True, however, taken as a full unit across the two sets of maps (which are linked), the kinds of challenges presented by the AoW maps struck me as more indicative of the style of the original maps than most 3.x maps in general do so.  Whlie the AoW maps are more stretched out, they feature a lot of vertical challenges, hidden sublevels, etc., like the OP maps when taken as a whole.  That said, in execution the AoW maps also take up a lot more horizontal space (they're not sized to 1 sheet of graph paper each), they are pretty much numbered with one challenge/encounter in each room, and they aren't designed to foster exploration in which wandering mosters will play a sizable role (they're still pretty linear).



			
				Quasqueton said:
			
		

> I think I fall somewhere in the middle. I think the adventure path style might start feeling like a railroad pretty quick (as I've experienced with one "modern" adventure path series), but the dungeon style I think would wear soon enough too, just because I don't want to waste time wandering around in a maze for my D&D gaming.




That's one of the things I've appreciated most about Necromancer Games' Tomb of Abysthor and Rappan Athuk serieses:  in the intros, Clark and Bill comment that one of the main drivers for play in a dungeon is to provide the players with goals.  Players don't willingly enter RA, they are sent there to retrive X from evil temple Y on level Z; or the PCs must secure the services of alien wizard A on level B in order to accomplish unrelated-to-this-present-dungeon-environment goal C; etc.  In OP map play, the players' piecemeal exploration of the map over several expeditions would likely provide those kinds of tactical goals directly.


----------



## T. Foster (Jun 22, 2006)

I'm not sure I see the OP's point of not revealing the origin of these maps (which, I must admit, I also instantly recognized) but I guess I'll respect his wishes...

I've always wanted to play in the style of campaign epitomized by these sorts of maps; where the multi-level megadungeon essentially _is_ the campaign world, and characters can spend their entire careers exploring the place and still never exhaust its potential. And I'll go a step further and admit something that you're not likely to see too often on ENWorld -- I like making maps. I think it's fun to try to make an accurate map and feel that sense of accomplishment when different sections line up, to deal with the DM's attempts to thwart mapping (via teleporters or shifting rooms or just weirdly shaped rooms and corridors). I'd go so far as to say that for me exploring the dungeon and drawing a map is more fun than fighting monsters (especially when careful mapping can uncover hidden areas that wouldn't otherwise have been discovered).
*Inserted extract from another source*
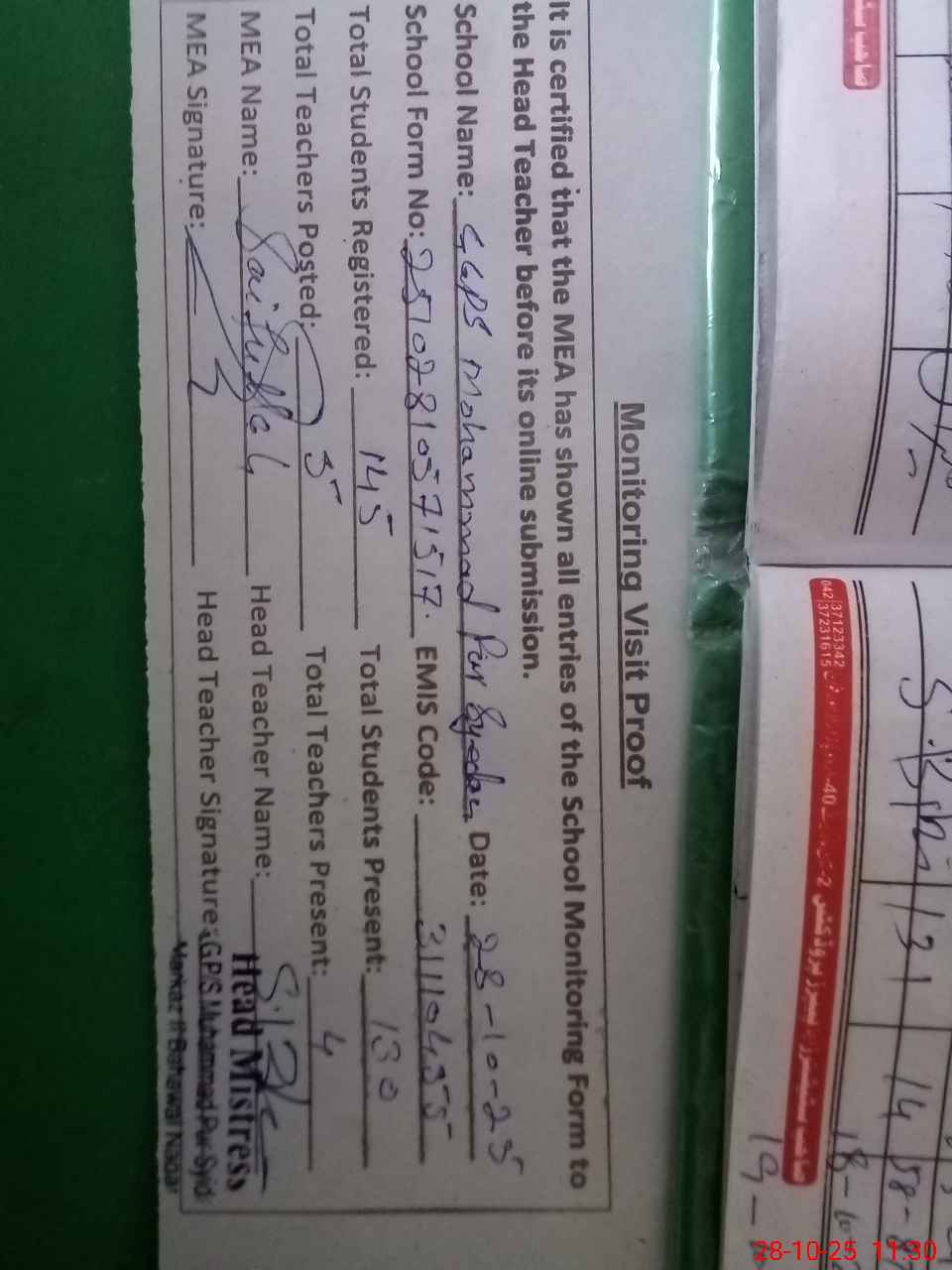 | Attendance Register | Head Teacher | MEA with School | Visit Proof |

This is an element of the game that I think has been too downplayed over the past 20 or so years, due to the ingrained conventional wisdom that nobody likes mapping and everybody just wants to cut straight to the fights.

I could go on much longer about what appeals to me about the dungeon-centric exploration-based style of play exemplified by these maps (and I have at various other times on various other sites if you care to do some digging around...) but it's getting late here, and besides, if I say too much I'll risk giving away the OP's little secret


----------



## Matafuego (Jun 22, 2006)

I like dungeon crawling as a player.
I LOVE it.
And i love wandering around for hours.
As a DM I also enjoy it veeery much, but I'll have to ask my players their feeling about exploring such a large dungeon (we all said we were going to try it once but never got the time for it).
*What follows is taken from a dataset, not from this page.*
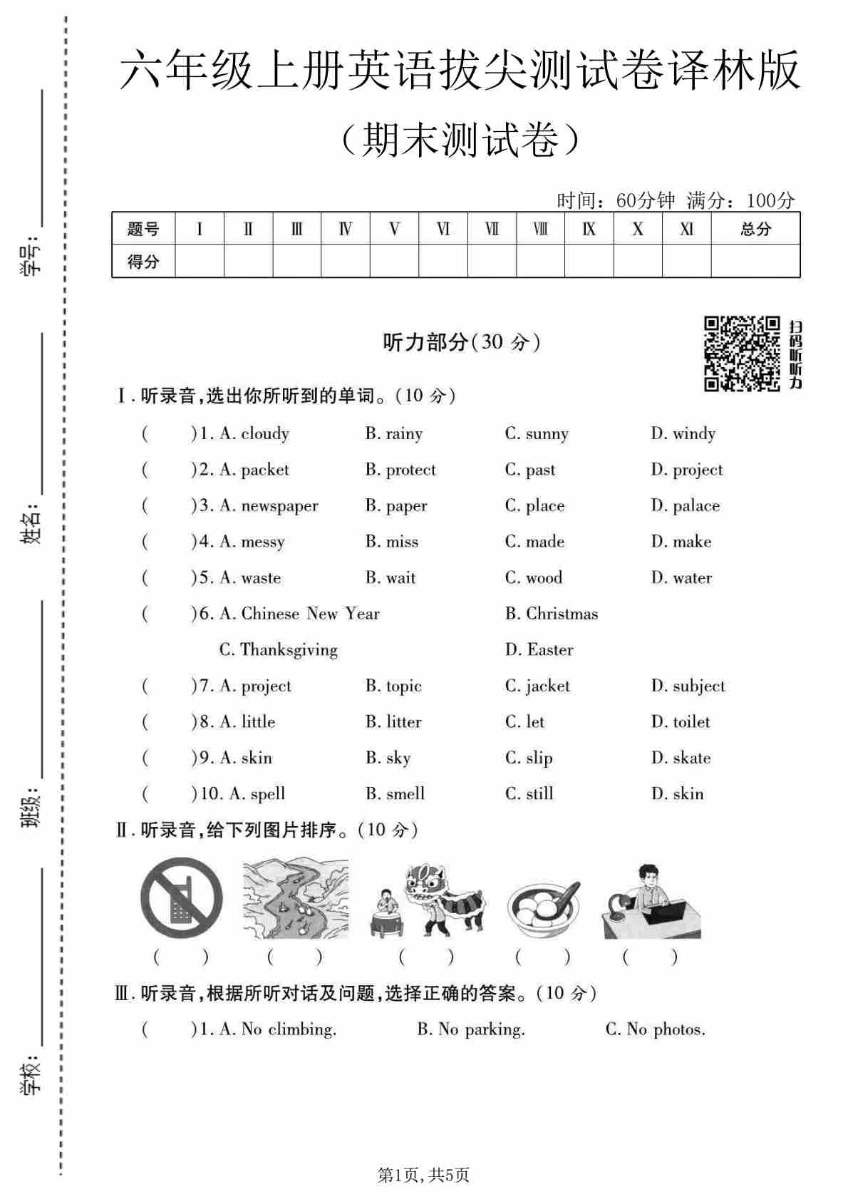 牛津译林六年级上学期期末测试卷(三起)(无听力音频)

My fondest memories of my early years of RP are from exploring lost HUGE dungeons. I never got to DM one though


----------



## Bront (Jun 22, 2006)

Any map can be made into a good adventure with some work.


----------



## Melan (Jun 22, 2006)

grodog said:
			
		

> That's one of the things I've appreciated most about Necromancer Games' Tomb of Abysthor and Rappan Athuk serieses:  in the intros, Clark and Bill comment that one of the main drivers for play in a dungeon is to provide the players with goals.  Players don't willingly enter RA, they are sent there to retrive X from evil temple Y on level Z; or the PCs must secure the services of alien wizard A on level B in order to accomplish unrelated-to-this-present-dungeon-environment goal C; etc.  In OP map play, the players' piecemeal exploration of the map over several expeditions would likely provide those kinds of tactical goals directly.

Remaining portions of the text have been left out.